- Lana Gogoberidze at the Frankfurt Book Fair in 2018.
- Born: Lana Gogoberidze October 13, 1928 (age 97) Tbilisi, Georgian SSR, Soviet Union
- Occupations: Film director, diplomat, politician
- Years active: 1958–present
- Notable work: Day Is Longer Than Night (1984)
- Spouse: Vladimir Aleksi-Meskhishvili (m. 1958–1978; his death)
- Children: 2 (including Salomé Alexi)
- Awards: State Award of the USSR State Award of the Georgian SSR People's Artist of Georgia French Legion of Honour Dark Nights Film Festival Lifetime Achievement Award (Estonia)

= Lana Gogoberidze =

Georgian politician and film director

Lana Gogoberidze (ლანა ღოღობერიძე; born 13 October 1928 in Tbilisi) is a Georgian film director, as well as a former diplomat and member of parliament.

==Biography==
Gogoberidze's mother was Nutsa Gogoberidze, another notable female Georgian director. Her father, Levan Gogoberidze, was murdered as a part of the Great Purge in 1937, while her mother was sent to a prison camp for twelve years.

Because of the situation with her parents, Gogoberidze was first sent to an orphanage and later taken in by her aunts. She also wanted to become a director, but the relevant education was not accessible to her because both her parents were being politically persecuted. She instead studied English and American literature, including the work of Walt Whitman, at Tbilisi State University. Following the death of Stalin, she could go on to study at the Department of Film-making of Moscow State University, from which she graduated in 1958. Gogoberidze headed the Director's Studio at the Rustaveli Theatre School, Tbilisi, in 1975.

In 1988, she became President of the International Association of Women Directors. She was elected to the Parliament of Georgia from 1992 to 1995. From 1996 to 2000, she was a member of the Parliamentary Assembly of the Council of Europe. In 2004, she served as Georgia's Ambassador to France.

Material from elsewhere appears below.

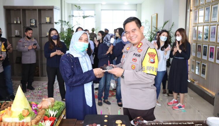 Kapolres Gresik AKBP Mochamad Nur Azis di dampingi ibu Lina Azis menerima kue tart dan ucapan selamat ulang tahun.

Gogoberidze's fiction and documentary movies have won several international awards. Her film Day Is Longer Than Night was entered into the 1984 Cannes Film Festival. In the same year, she was a member of the jury at the 34th Berlin International Film Festival. She also holds the State Award of the USSR, the State Award of the Georgian SSR, the People's Artist of the Republic of Georgia and the French Legion of Honour.

Gogoberidze was married beginning in 1958 to the architect Vladimir Aleksi-Meskhishvili (died 1978). She has two daughters, with Salomé Alexi also becoming a director.